Build risk ratings that can change
Move away from risk classifications that are set at onboarding and reviewed only on a fixed schedule. Define the triggers, such as changes in transaction behaviour, new screening results, changes in beneficial ownership or jurisdiction, that should prompt a reassessment. Risk ratings should reflect current information, not historical facts.
Standardise how decisions are made and documented
Establish clear internal guidance on how alerts are assessed: what factors are considered, what thresholds trigger escalation, and what documentation is required when a case is closed. This does not eliminate analyst judgment, but it gives that judgment a consistent framework to operate within.
Prioritise explainability over volume
Reducing the number of alerts reviewed is less important than ensuring that the alerts which matter receive proper attention, and that the decisions made in response to them are clearly reasoned and recorded.
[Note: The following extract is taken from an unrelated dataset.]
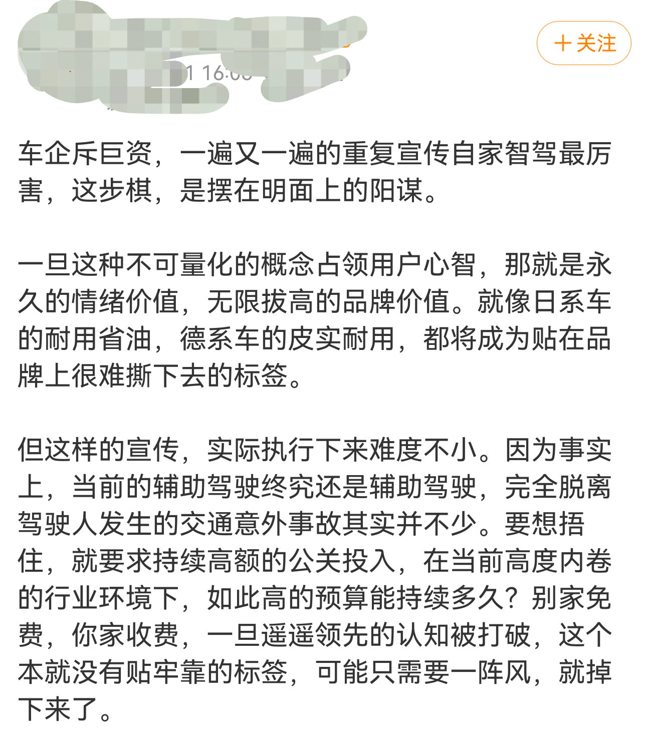 只需要营销,不需要技术投入吗?长期宣传辅助驾驶的车企,每一个都有大量的技术投入,并且有不错的体验。那些张嘴第一梯队,一上路就串稀的,宣传一两次就闭嘴了。

A team that closes 500 alerts with clear documented rationale is in a stronger regulatory position than one that closes 2,000 with minimal documentation.

The future of AML is not more detection - it is better interpretation
The AML industry has spent years improving its ability to find risk signals. Screening databases have expanded. Transaction monitoring systems have become more sophisticated. Machine learning has been applied to alert generation and false positive reduction.
But detection is only part of the problem. The other part - interpretation - has received less attention, and it is where much of the real risk in AML programmes lives.
The institutions that will be best positioned - both to meet regulatory expectations and to genuinely disrupt financial crime - are those that invest not only in finding signals, but in building the capacity to interpret them consistently and act on them intelligently.
That is what AML decisioning means. And it is where the next chapter of AML programme development needs to go.